Quote from: garbon on November 01, 2012, 04:47:39 PM
Quote from: Razgovory on November 01, 2012, 04:46:07 PM
Quote from: garbon on November 01, 2012, 04:44:22 PM
Raz, if it is all down to Republican obstructionism, what was the reason for the failure of the Pelosi-Reid Connection?

Why don't you tell me what that is first.

The period of time when Obama first arrived, the Dems in charge across the board still had difficulties rallying their troops.

They could get simple majorities, they couldn't get the numbers to overcome filibusters.
I've given it serious thought. I must scorn the ways of my family, and seek a Japanese woman to yield me my progeny. He shall live in the lands of the east, and be well tutored in his sacred trust to weave the best traditions of Japan and the Sacred South together, until such time as he (or, indeed his house, which will periodically require infusion of both Southern and Japanese bloodlines of note) can deliver to the South it's independence, either in this world or in space.  -Lettow April of 2011

Raz is right. -MadImmortalMan March of 2017

Phillip V

Quote from: Razgovory on November 01, 2012, 04:58:24 PM
Quote from: garbon on November 01, 2012, 04:47:39 PM
Quote from: Razgovory on November 01, 2012, 04:46:07 PM
Quote from: garbon on November 01, 2012, 04:44:22 PM
Raz, if it is all down to Republican obstructionism, what was the reason for the failure of the Pelosi-Reid Connection?
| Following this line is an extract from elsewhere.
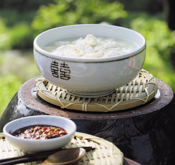 江陵の純豆腐は、東海岸の海の海水をにがり代わりに使って固めたもので、ふわふわと温かく、柔らかくて香ばしいのが特徴。大豆の味がしっかりと感じられる昔ながらのおぼろ豆腐が味わえます。お店によって異なる薬味の入った醤油ベースのタレをかけていただきます。

Why don't you tell me what that is first.

The period of time when Obama first arrived, the Dems in charge across the board still had difficulties rallying their troops.

They could get simple majorities, they couldn't get the numbers to overcome filibusters.
So we can't expect anything from government even if one party has the Presidency and almost super-majorities in Congress. :lol:

Razgovory

The key word here is "almost".  Tell me Phil, why shouldn't Dems obstruct every bill that Republicans propose if they lose this election?
I've given it serious thought. I must scorn the ways of my family, and seek a Japanese woman to yield me my progeny. He shall live in the lands of the east, and be well tutored in his sacred trust to weave the best traditions of Japan and the Sacred South together, until such time as he (or, indeed his house, which will periodically require infusion of both Southern and Japanese bloodlines of note) can deliver to the South it's independence, either in this world or in space.  -Lettow April of 2011

Raz is right. -MadImmortalMan March of 2017

Phillip V

Quote from: Razgovory on November 01, 2012, 05:04:13 PM
The key word here is "almost".  Tell me Phil, why shouldn't Dems obstruct every bill that Republicans propose if they lose this election?
No idea what Dems or Repubs can or should do. We need to see the breakdown of Congressional seats and situation of the economy in 2013.

CountDeMoney

Quote from: Barrister on November 01, 2012, 04:13:57 PM
I don't know about the "no upside" part Berk.  I think Romney has significant upside. 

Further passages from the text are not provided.